Я попросил его подарить мне на память какой-нибудь том его рассказов.
Чехов тотчас же послал слугу в ближайший книжный магазин купить книгу. Тот скоро вернулся с томиком «Хмурых людей». Антон Павлович тут же за обеденным столом сделал надпись своим неразборчивым, тонким, женственным почерком.
— Послушайте, — продолжал он, передавая мне книгу, — отчего вы мало пишете? Вам следует больше писать! Я именно это хотел вам сказать на прощанье! У вас теперь могло быть томика четыре, а вы что-то на первом замешкались. Я и сам много лентяйничал, а теперь очень жалею об этом!
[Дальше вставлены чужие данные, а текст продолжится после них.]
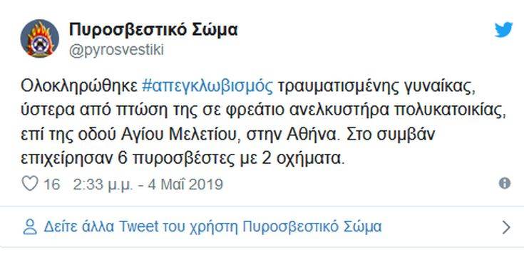 «Ολοκληρώθηκε απεγκλωβισμός τραυματισμένης γυναίκας, ύστερα από πτώση της σε φρεάτιο ανελκυστήρα πολυκατοικίας, επί της οδού Αγίου Μελετίου, στην Αθήνα. Στο συμβάν επιχείρησαν 6 πυροσβέστες με 2 οχήματα».
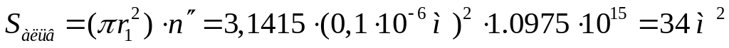 Величина площі Sальв внутрішньої поверхні легень (альвеол), вкритої шаром частинок тютюнового дьогтю, розраховується через площу, вкриту однією частинкою смоли , помножену на кількість цих частинок :
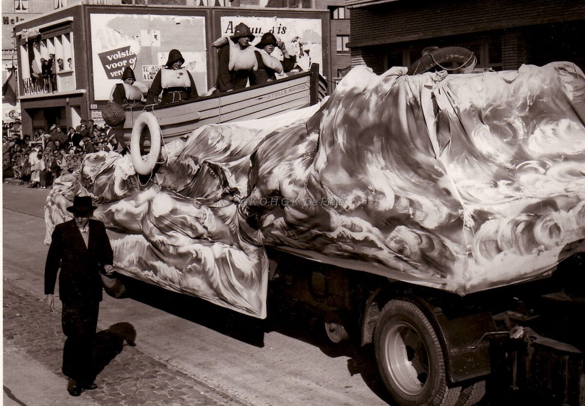 Praalwagen (met redders) uit de stoet der Zeewijding komt voorbij op de Visserskaai.

— Не знаю, кого слушать! — смеясь, ответил я. — Недавно Лев Николаевич говорил мне: не пишите много, не надо много писать!
Чехов улыбнулся.
— Не верьте хитрому старику! Он это всем говорит, и мне говорил, потому что сам стареть стал! Нет! — Тут Чехов вздохнул печально. — Надо, надо писать! Вы начали вашу песню по-соловьиному, а если остановитесь навсегда на одном томе, выйдет по-воробьиному! Я вам про себя скажу: если бы я остановился на первых рассказах, — меня бы и писателем не считали. Чехонтэ! Маленький томик маленьких смешных анекдотов! Думали, что и весь я тут! Серьезные писатели говорили: чужой он нам, потому что смеется! Как можно смеяться в наше время?
Он помолчал.
— Придется ли еще увидеться — неизвестно! Поговорить с глазу на глаз — хорошо бывает! Послушайте, вы помните, как у вас в одном рассказе сказано: «Протодьякон проклинает сомневающихся в бытии божием, а они стоят на клиросе и поют сами себе «анафему»!
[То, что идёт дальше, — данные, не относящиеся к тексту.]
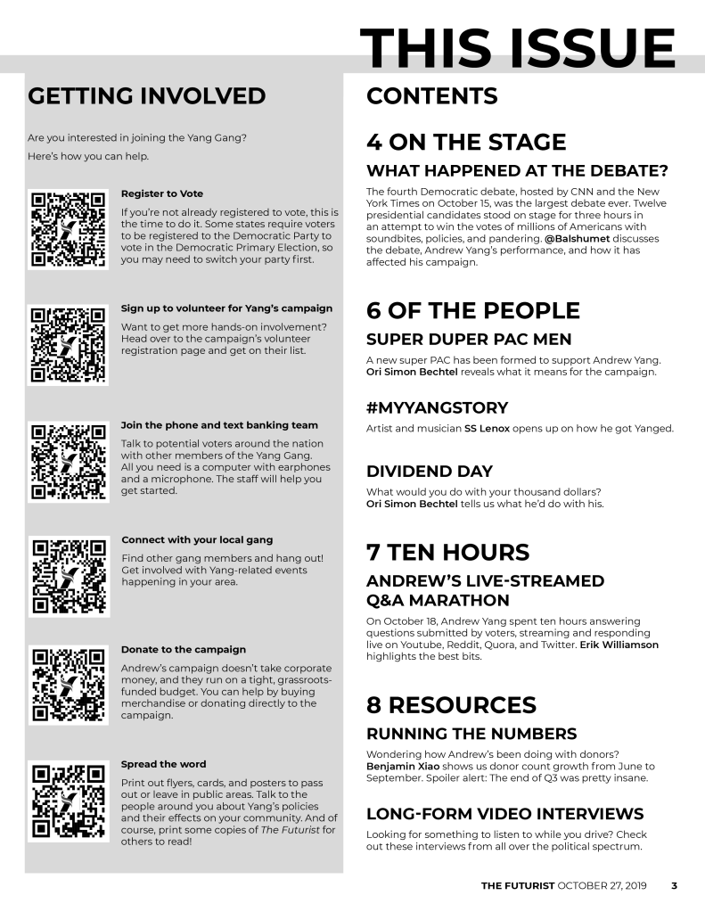 As we continue to cover Andrew Yang’s campaign, we invite you to submit questions about his policy proposals and ideas. We hope that you’re just as excited as we are about this crazy political journey.

Он откинулся к спинке стула и залился почти беззвучным, но заразительным смехом, вдруг сделавшись похожим на свой молодой портрет, когда Чехов был жизнерадостным, беззаботным «Чехонтэ».
Обед наш в разговорах затянулся часа на два. Вдруг мне вспомнилась его загадочная фраза: «Придется ли еще увидеться — неизвестно!» И меня поразила мысль, что этот удивительный, очень одинокий, замкнутый, приговоренный к смерти человек думает не о себе, не о своем положении, трагичность которого он, как врач, понимал лучше, чем кто-либо из опекавших его друзей, но находил время заботиться и тревожиться о судьбе начинающих писателей. Я знал о его серьезной болезни, но почему-то думал, что еще увижусь с ним. Увидеться не пришлось.